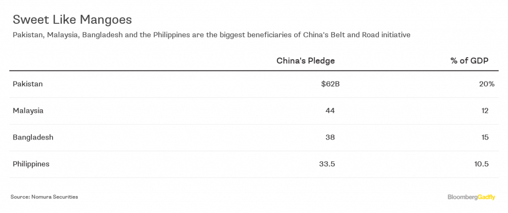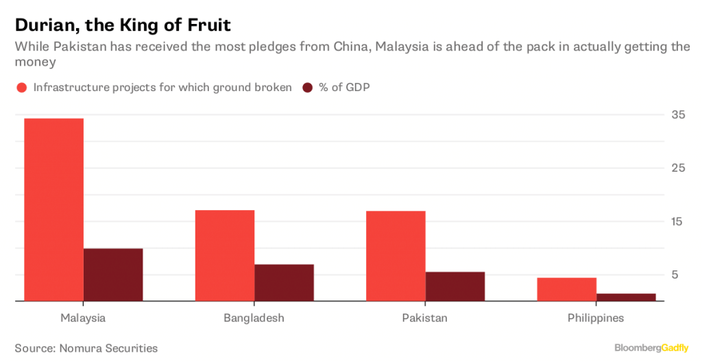 Even though China has pledged the largest sum to Pakistan, Malaysia has quietly raced ahead of the pack in securing Chinese money, with $34 billion of China-backed infrastructure projects started. Pakistan has broken ground on projects aggregating only half that amount, according to Nomura Securities estimates.
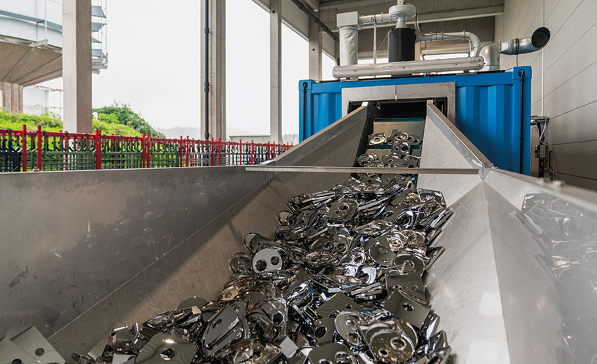 Оскільки Hansgrohe Group висуває дуже високі вимоги до якості до своєї арматури для душу, ванни та кухні, певний рівень виробничих відходів є неминучим. «Хромовані компоненти з ABS-пластику були для нас особливою проблемою», – розповідає Девід Запф, фахівець з технологій поверхні в Hansgrohe Group, маючи на увазі, наприклад, корпуси душових лійок, фланці труб, а також ручки та кнопки арматури.
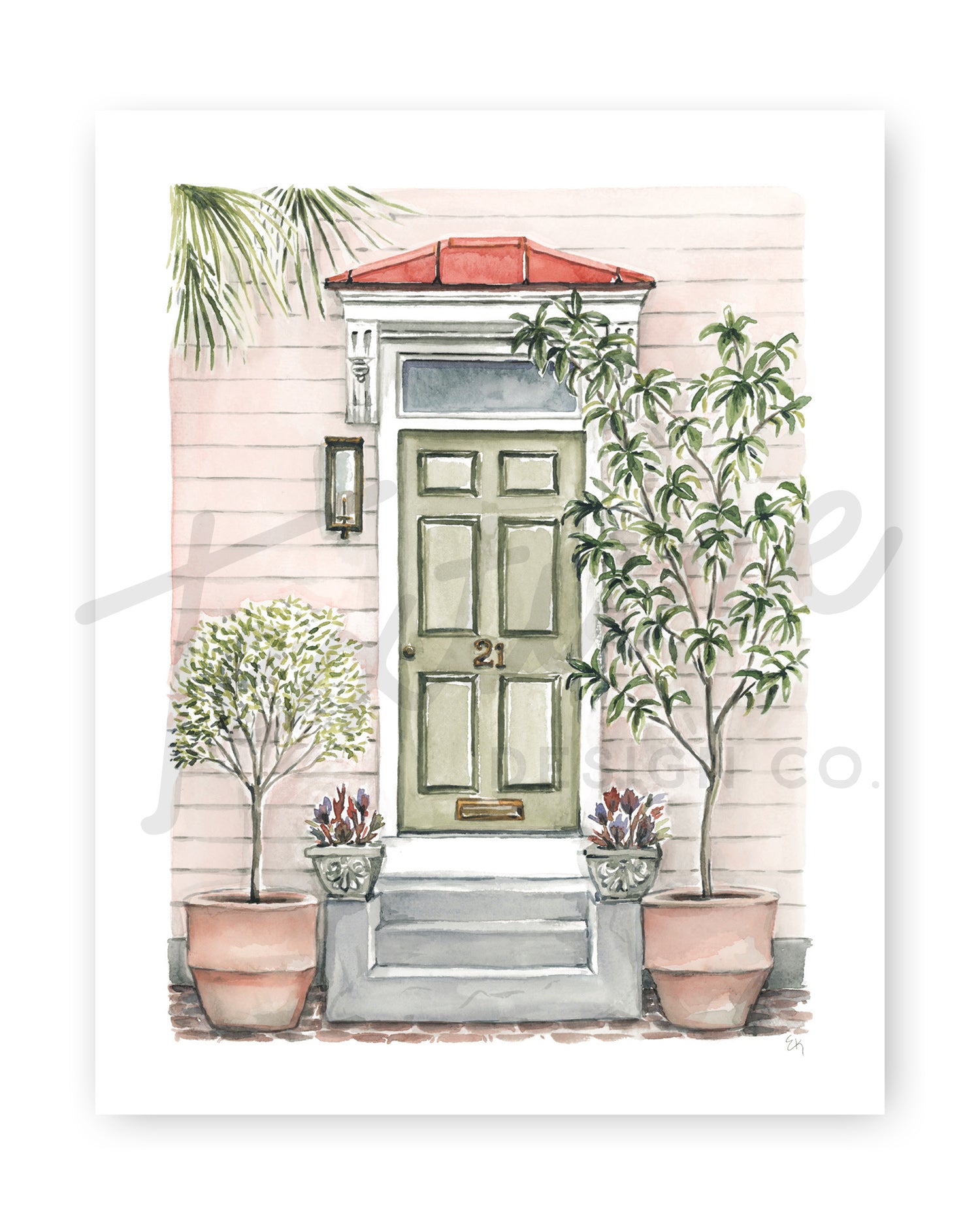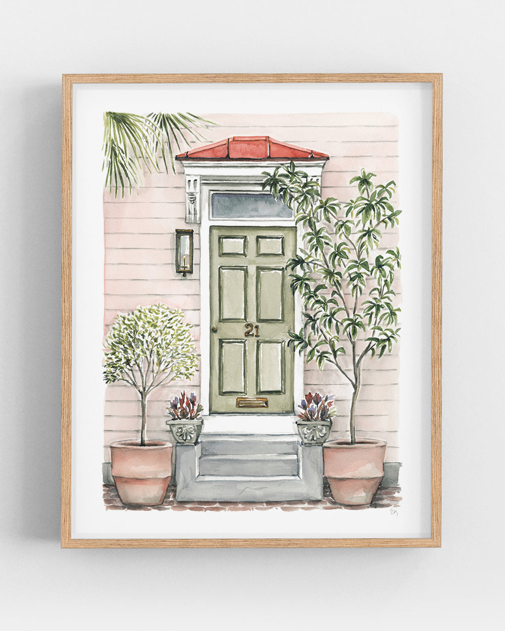 Inspired by the east coast, the art print showcases an intricately painted timeless front door.
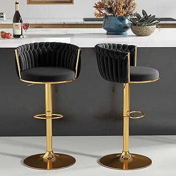ABET Gold Bar Stool Set of 2, Velvet Swivel Barstools, Height Adjustable Counter Stools with Woven Back, Upholstered Modern Luxury Kitchen Stools with Footrest for Cafe, Pub, Black
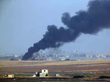 Ras al-Ain: Turkish soldiers and militia allies battled their way into a strategic Kurdish border town on Saturday as they stepped up their assault on northeastern Syria in defiance of mounting international protests and threats of US sanctions. After overnight clashes with Kurdish forces in the countryside, Turkish troops and their Syrian allies entered the battleground town of Ras al-Ain, sources on both sides said. Turkey’s defence ministry hailed its forces’ capture of the first Kurdish-held town on the fourth day of their offensive. But Ras al-Ain’s Kurdish defenders denied the semi-deserted town had fallen and an AFP correspondent said Turkish troops and their Syrian allies had entered but had yet to capture it. [caption id=“attachment_7474481” align=“alignleft” width=“380”]  Smoke billows from a fire inside Syria during bombardment by Turkish forces 9 October 2019. AP[/caption] The Kurdish-led Syrian Democratic Forces (SDF), who were the main partner on the ground in the US-led campaign against the Islamic State group, called on the United States to assume its “moral obligations” and protect them. US President Donald Trump has faced a firestorm of criticism, even from his own domestic supporters, for abandoning a loyal ally and stands accused of giving Turkey a green light to launch the offensive after ordering American troops to pull back from the border. The Syrian Observatory for Human Rights said pro-Ankara fighters “executed” at least nine civilians on Saturday near the town of Tal Abyad, another key target of the cross-border assault. The Kurds said a female Kurdish party official and her driver were among those killed. On the battlefield, SDF fighters have taken mounting losses against the vastly superior firepower of the Turkish army. At least 23 SDF fighters have been killed, bringing the over death toll since the Turkish offensive began on Wednesday to 81, said the Syrian Observatory monitoring group. Turkish airstrikes on Kurdish-held towns and intense artillery exchanges caused mounting casualties on both sides of the border. Civilian exodus On the Syrian side at least 38 civilians have been killed, the Britain-based Observatory said, and 18 civilians inside Turkey have died from Kurdish shelling, according to Turkish reports. Four Turkish soldiers have been killed, Turkey’s defence ministry and state-run Anadolu news agency said, while the Observatory said the Kurds have lost control of 27 villages since Wednesday. The towns of Ras al-Ain and Tal Abyad further west have been primary goals of the Turkish offensive and have both come under heavy bombardment. They lie at either end of a section of the border which although Kurdish-controlled has an ethnic Arab majority. Ankara says its forces’ mission is to establish a safe zone run by its mainly Arab Syrian allies in which some of the 3.6 million mostly Arab refugees from Syria can be rehoused. But the Kurds say the Turkish invasion amounts to an attempt to redraw the ethnic map of the region at their expense. The operation has so far displaced some 100,000 people, according to the United Nations. Roads leading out of the area have been filled with fleeing civilians, some on foot, other in vehicles piled high with their belongings. “We always get displaced no matter where we go,” Yusra al-Saleh, 38, who fled the violence along Syria’s northern border, said. The Kurdish Red Crescent said it would no longer dispatch medical teams to Ras al-Ain because its ambulances are being hit by Turkish fire. Aid groups have warned of yet another humanitarian disaster in Syria’s eight-year-old war if the offensive is not halted. Most of those fleeing were heading east towards the city of Hasakeh. “Turkey’s aim is to prevent further fleeing Syrian civilians from entering Turkey rather than genuinely providing protection,” Human Rights Watch. The SDF lost 11,000 fighters in the protracted US-led campaign against IS before finally overrunning the jihadists’ self-proclaimed “caliphate” in March. Trump warnings unheeded On Saturday, the SDF decried being “abandoned” by Washington. “We call on our allies to fulfil their duties and assume their moral obligations,” it said. The offensive has sparked international condemnation and Trump toughened his policy towards Ankara, threatening on Friday crippling sanctions if the operation goes too far. On Saturday, Germany and France said they were halting sales of weapons to Turkey, after Paris, a key partner in the US-led anti-IS coalition, threatened sanctions against Ankara. Arab foreign ministers, at an Arab League meeting in Cairo, joined in the condemnation of Turkey’s “aggression in Syria” they termed a “direct threat to Arab national security”. In Europe, thousands of people, many waving Kurdish green, red and yellow flags, took to the streets of Paris and several other cities in protest at the assault. Turkish President Recep Tayyip Erdogan has remained defiant and the Pentagon has reported no progress in its belated efforts to persuade Ankara to halt the assault. Turkey is still far from having reached the goals of its military invasion but the risk appears to be growing that detained IS fighters could break free. Kurdish officials said five IS prisoners managed to escape Friday from a facility in the border city of Qamishli housing mostly foreign jihadists after shelling struck nearby. The Kurdish administration says some 12,000 men are held in seven detention centres across Kurdish-controlled areas. The US says it has already plucked two of the most high-profile IS jihadists to have been captured and spirited them out of Syria.
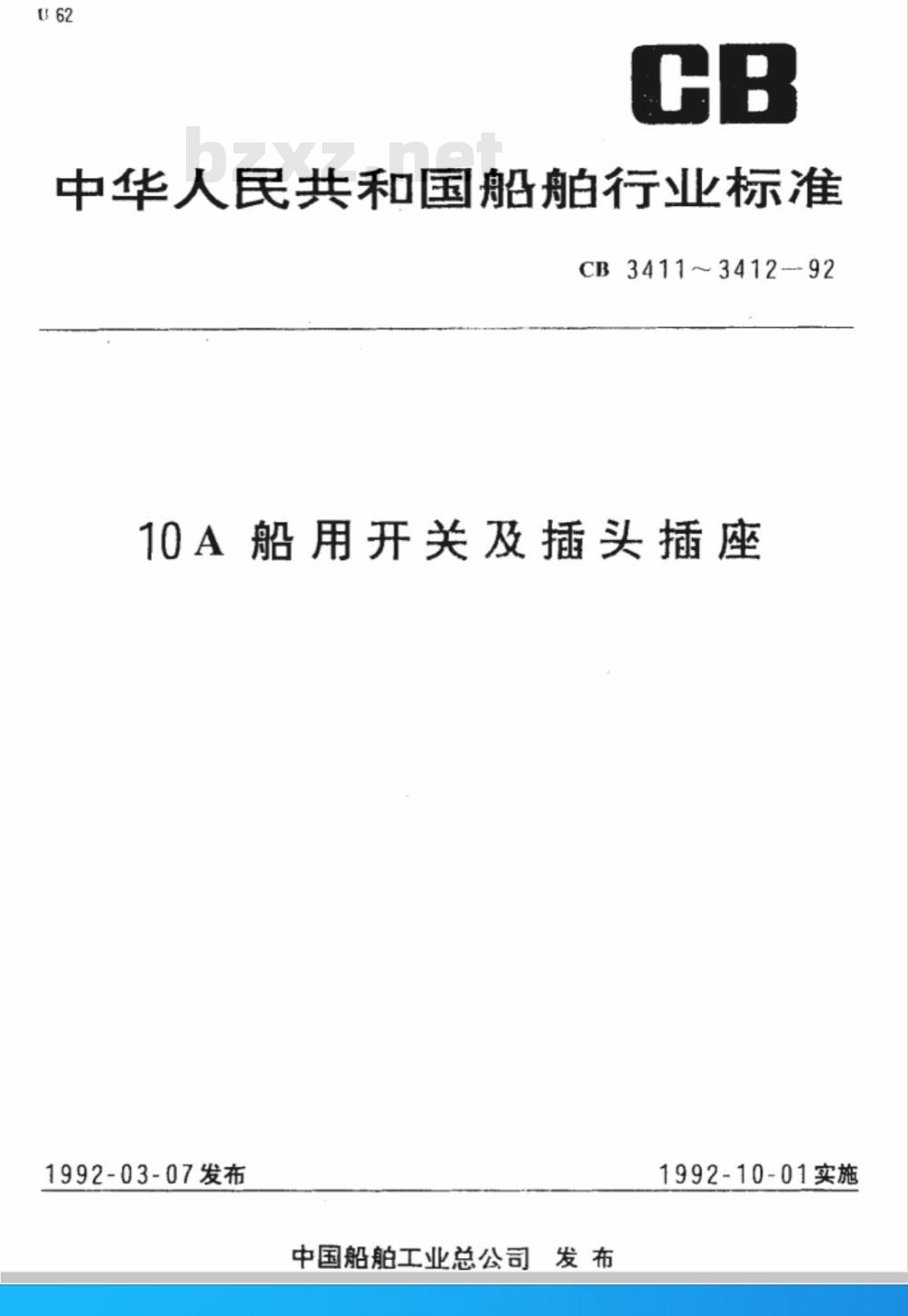 3.2插头、插座、带开关插座型号的维成形式如下:中国船舶工业总公司1992-03-07批准10
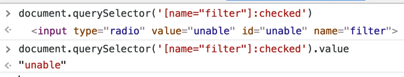 const filter = Array.from(filterInputs).find((input) => input.checked).value;
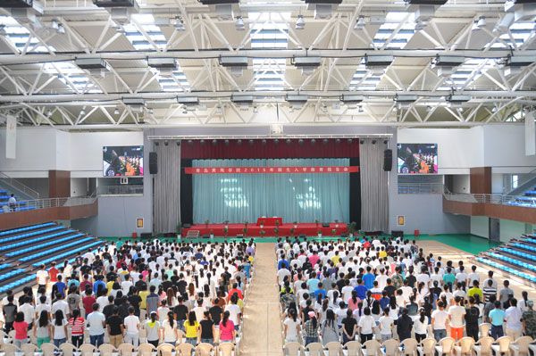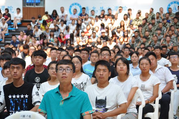 9月3日上午,天安门广场举行中国人民抗日战争暨世界反法西斯战争胜利70周年纪念大会。青岛黄海学院部分师生代表、2015级新生军训承训部队官兵齐聚校体育馆,收看阅兵盛况,为祖国阅兵加油助威!
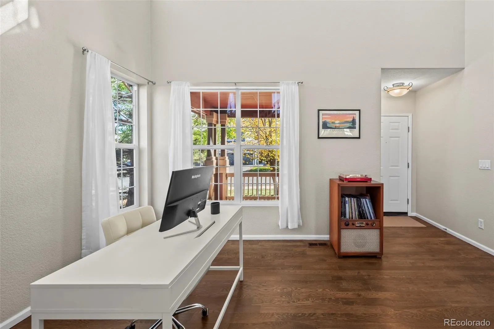 Enjoy breathtaking, unobstructed MOUNTAIN VIEWS from this beautifully updated home in Roxborough Village. Soaring vaulted ceilings, tall windows, and an open floor plan fill the home with natural light and frame the incredible backdrop of Colorado’s Front Range. The main-level living room features a gas fireplace, custom built-ins, and expansive windows showcasing the mountain views, seamlessly connecting to the updated kitchen with newer stainless steel appliances, a kitchen island, and ample counter and storage space, including a large pantry. From the kitchen, step out to the spacious west-facing deck to take in the sunset over the mountains and enjoy true indoor/outdoor living. The front room—currently used as an office—offers flexible space and would make an ideal formal dining room. The main level also includes a powder bath, a large laundry room, and an attached two-car garage. Upstairs, the primary suite captures stunning mountain views and features a en suite bath and large walk-in closet. Two additional bedrooms and a full bath complete the upper level. Ideally located near open space and scenic trails, including Crystal Lake, Roxborough State Park, and the Arrowhead Golf Course, this home offers the best of Colorado living. Shops, restaurants, and groceries are all within walking distance. Don’t miss this opportunity to own a home with unbeatable views and an incredible lifestyle!
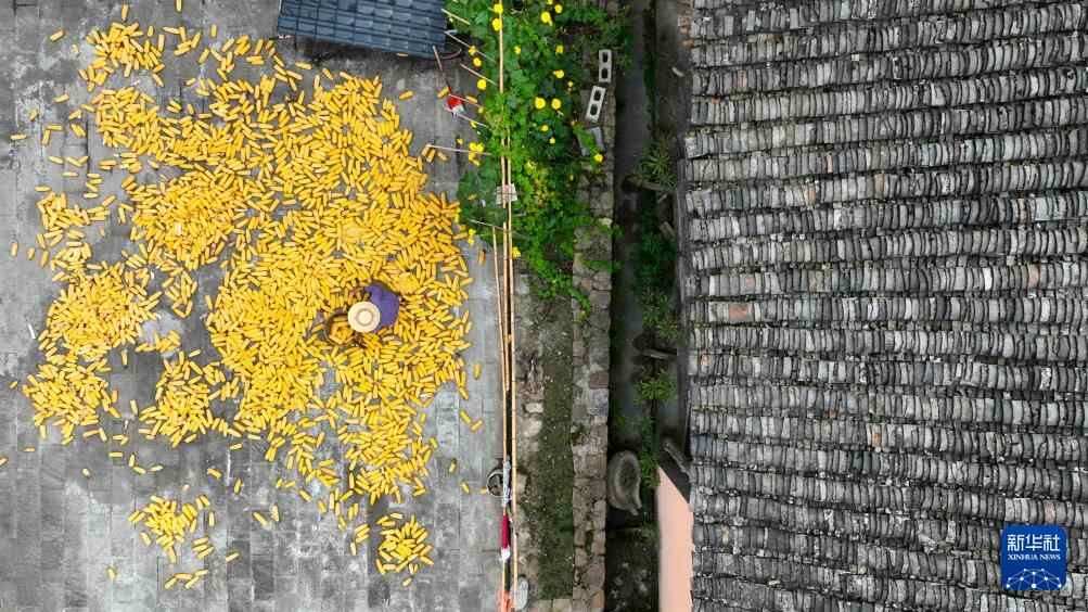 8月18日,猛董村村民在晾晒玉米(无人机照片)。
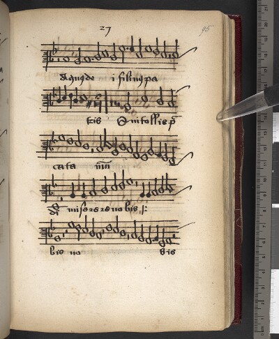 General NoteAnnotations/Corrections: at top '5 voc.'; text corr. in first line; several slurs entered to clarify note-syllable relation; at end stave drawn out into the outer margin for the final two notes; Notes: EECM 19; |
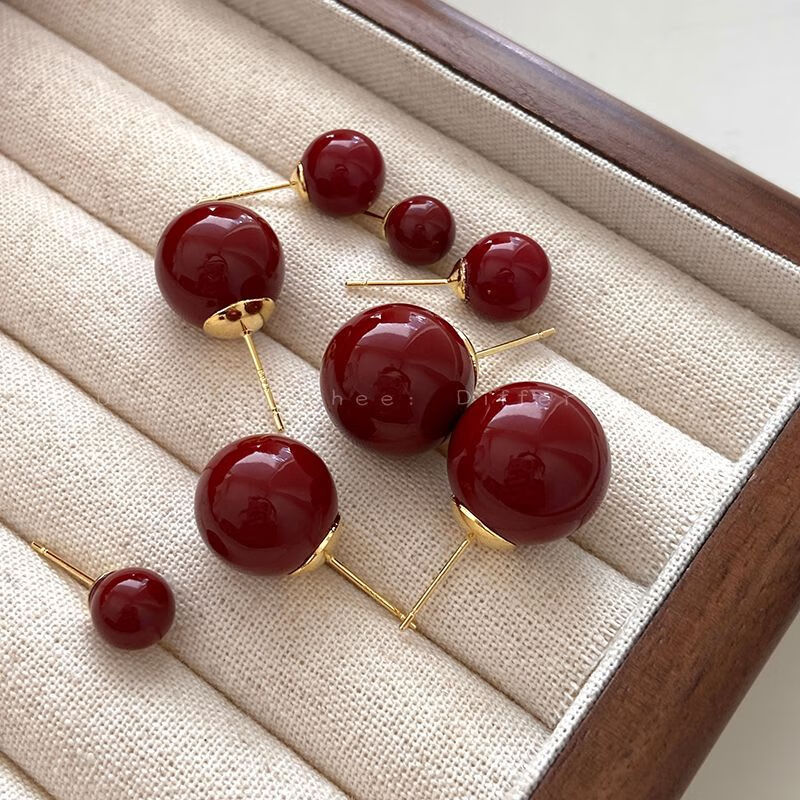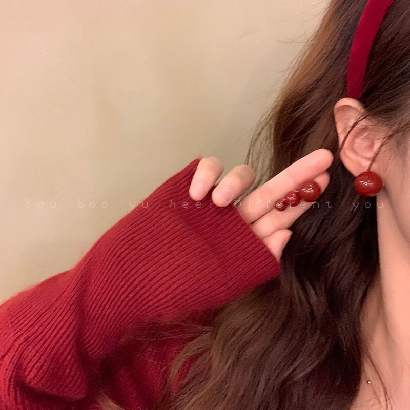 Hong Kong style wine red sugar bean pearl earrings for women new 2024 earrings niche design ear jewelry 10mm red bean mosquito coil ear clip
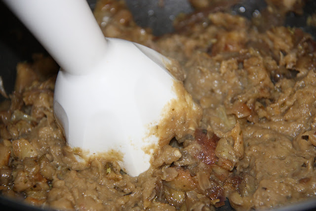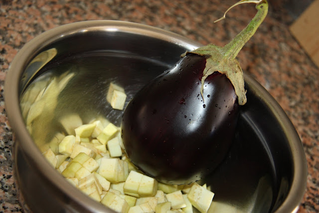 Peleu les albergínies i les cebes i feu-les a trossos petits. Poseu a coure al foc en una paella amb una mica d’oli. Afegiu el grans d’all i el pa, tot tallat a trossets.
□ □ □ □
Reproduce the listing exactly, but omit every picture in it.

RESPONSE AREA -
 Even though China has pledged the largest sum to Pakistan, Malaysia has quietly raced ahead of the pack in securing Chinese money, with $34 billion of China-backed infrastructure projects started. Pakistan has broken ground on projects aggregating only half that amount, according to Nomura Securities estimates.
 Оскільки Hansgrohe Group висуває дуже високі вимоги до якості до своєї арматури для душу, ванни та кухні, певний рівень виробничих відходів є неминучим. «Хромовані компоненти з ABS-пластику були для нас особливою проблемою», – розповідає Девід Запф, фахівець з технологій поверхні в Hansgrohe Group, маючи на увазі, наприклад, корпуси душових лійок, фланці труб, а також ручки та кнопки арматури.
 Inspired by the east coast, the art print showcases an intricately painted timeless front door.
ABET Gold Bar Stool Set of 2, Velvet Swivel Barstools, Height Adjustable Counter Stools with Woven Back, Upholstered Modern Luxury Kitchen Stools with Footrest for Cafe, Pub, Black
 Ras al-Ain: Turkish soldiers and militia allies battled their way into a strategic Kurdish border town on Saturday as they stepped up their assault on northeastern Syria in defiance of mounting international protests and threats of US sanctions. After overnight clashes with Kurdish forces in the countryside, Turkish troops and their Syrian allies entered the battleground town of Ras al-Ain, sources on both sides said. Turkey’s defence ministry hailed its forces’ capture of the first Kurdish-held town on the fourth day of their offensive. But Ras al-Ain’s Kurdish defenders denied the semi-deserted town had fallen and an AFP correspondent said Turkish troops and their Syrian allies had entered but had yet to capture it. [caption id=“attachment_7474481” align=“alignleft” width=“380”]  Smoke billows from a fire inside Syria during bombardment by Turkish forces 9 October 2019. AP[/caption] The Kurdish-led Syrian Democratic Forces (SDF), who were the main partner on the ground in the US-led campaign against the Islamic State group, called on the United States to assume its “moral obligations” and protect them. US President Donald Trump has faced a firestorm of criticism, even from his own domestic supporters, for abandoning a loyal ally and stands accused of giving Turkey a green light to launch the offensive after ordering American troops to pull back from the border. The Syrian Observatory for Human Rights said pro-Ankara fighters “executed” at least nine civilians on Saturday near the town of Tal Abyad, another key target of the cross-border assault. The Kurds said a female Kurdish party official and her driver were among those killed. On the battlefield, SDF fighters have taken mounting losses against the vastly superior firepower of the Turkish army. At least 23 SDF fighters have been killed, bringing the over death toll since the Turkish offensive began on Wednesday to 81, said the Syrian Observatory monitoring group. Turkish airstrikes on Kurdish-held towns and intense artillery exchanges caused mounting casualties on both sides of the border. Civilian exodus On the Syrian side at least 38 civilians have been killed, the Britain-based Observatory said, and 18 civilians inside Turkey have died from Kurdish shelling, according to Turkish reports. Four Turkish soldiers have been killed, Turkey’s defence ministry and state-run Anadolu news agency said, while the Observatory said the Kurds have lost control of 27 villages since Wednesday. The towns of Ras al-Ain and Tal Abyad further west have been primary goals of the Turkish offensive and have both come under heavy bombardment. They lie at either end of a section of the border which although Kurdish-controlled has an ethnic Arab majority. Ankara says its forces’ mission is to establish a safe zone run by its mainly Arab Syrian allies in which some of the 3.6 million mostly Arab refugees from Syria can be rehoused. But the Kurds say the Turkish invasion amounts to an attempt to redraw the ethnic map of the region at their expense. The operation has so far displaced some 100,000 people, according to the United Nations. Roads leading out of the area have been filled with fleeing civilians, some on foot, other in vehicles piled high with their belongings. “We always get displaced no matter where we go,” Yusra al-Saleh, 38, who fled the violence along Syria’s northern border, said. The Kurdish Red Crescent said it would no longer dispatch medical teams to Ras al-Ain because its ambulances are being hit by Turkish fire. Aid groups have warned of yet another humanitarian disaster in Syria’s eight-year-old war if the offensive is not halted. Most of those fleeing were heading east towards the city of Hasakeh. “Turkey’s aim is to prevent further fleeing Syrian civilians from entering Turkey rather than genuinely providing protection,” Human Rights Watch. The SDF lost 11,000 fighters in the protracted US-led campaign against IS before finally overrunning the jihadists’ self-proclaimed “caliphate” in March. Trump warnings unheeded On Saturday, the SDF decried being “abandoned” by Washington. “We call on our allies to fulfil their duties and assume their moral obligations,” it said. The offensive has sparked international condemnation and Trump toughened his policy towards Ankara, threatening on Friday crippling sanctions if the operation goes too far. On Saturday, Germany and France said they were halting sales of weapons to Turkey, after Paris, a key partner in the US-led anti-IS coalition, threatened sanctions against Ankara. Arab foreign ministers, at an Arab League meeting in Cairo, joined in the condemnation of Turkey’s “aggression in Syria” they termed a “direct threat to Arab national security”. In Europe, thousands of people, many waving Kurdish green, red and yellow flags, took to the streets of Paris and several other cities in protest at the assault. Turkish President Recep Tayyip Erdogan has remained defiant and the Pentagon has reported no progress in its belated efforts to persuade Ankara to halt the assault. Turkey is still far from having reached the goals of its military invasion but the risk appears to be growing that detained IS fighters could break free. Kurdish officials said five IS prisoners managed to escape Friday from a facility in the border city of Qamishli housing mostly foreign jihadists after shelling struck nearby. The Kurdish administration says some 12,000 men are held in seven detention centres across Kurdish-controlled areas. The US says it has already plucked two of the most high-profile IS jihadists to have been captured and spirited them out of Syria.
 3.2插头、插座、带开关插座型号的维成形式如下:中国船舶工业总公司1992-03-07批准10
 const filter = Array.from(filterInputs).find((input) => input.checked).value;
 9月3日上午,天安门广场举行中国人民抗日战争暨世界反法西斯战争胜利70周年纪念大会。青岛黄海学院部分师生代表、2015级新生军训承训部队官兵齐聚校体育馆,收看阅兵盛况,为祖国阅兵加油助威!
 Enjoy breathtaking, unobstructed MOUNTAIN VIEWS from this beautifully updated home in Roxborough Village. Soaring vaulted ceilings, tall windows, and an open floor plan fill the home with natural light and frame the incredible backdrop of Colorado’s Front Range. The main-level living room features a gas fireplace, custom built-ins, and expansive windows showcasing the mountain views, seamlessly connecting to the updated kitchen with newer stainless steel appliances, a kitchen island, and ample counter and storage space, including a large pantry. From the kitchen, step out to the spacious west-facing deck to take in the sunset over the mountains and enjoy true indoor/outdoor living. The front room—currently used as an office—offers flexible space and would make an ideal formal dining room. The main level also includes a powder bath, a large laundry room, and an attached two-car garage. Upstairs, the primary suite captures stunning mountain views and features a en suite bath and large walk-in closet. Two additional bedrooms and a full bath complete the upper level. Ideally located near open space and scenic trails, including Crystal Lake, Roxborough State Park, and the Arrowhead Golf Course, this home offers the best of Colorado living. Shops, restaurants, and groceries are all within walking distance. Don’t miss this opportunity to own a home with unbeatable views and an incredible lifestyle!
 8月18日,猛董村村民在晾晒玉米(无人机照片)。
 General NoteAnnotations/Corrections: at top '5 voc.'; text corr. in first line; several slurs entered to clarify note-syllable relation; at end stave drawn out into the outer margin for the final two notes; Notes: EECM 19; |
 Hong Kong style wine red sugar bean pearl earrings for women new 2024 earrings niche design ear jewelry 10mm red bean mosquito coil ear clip
 Peleu les albergínies i les cebes i feu-les a trossos petits. Poseu a coure al foc en una paella amb una mica d’oli. Afegiu el grans d’all i el pa, tot tallat a trossets.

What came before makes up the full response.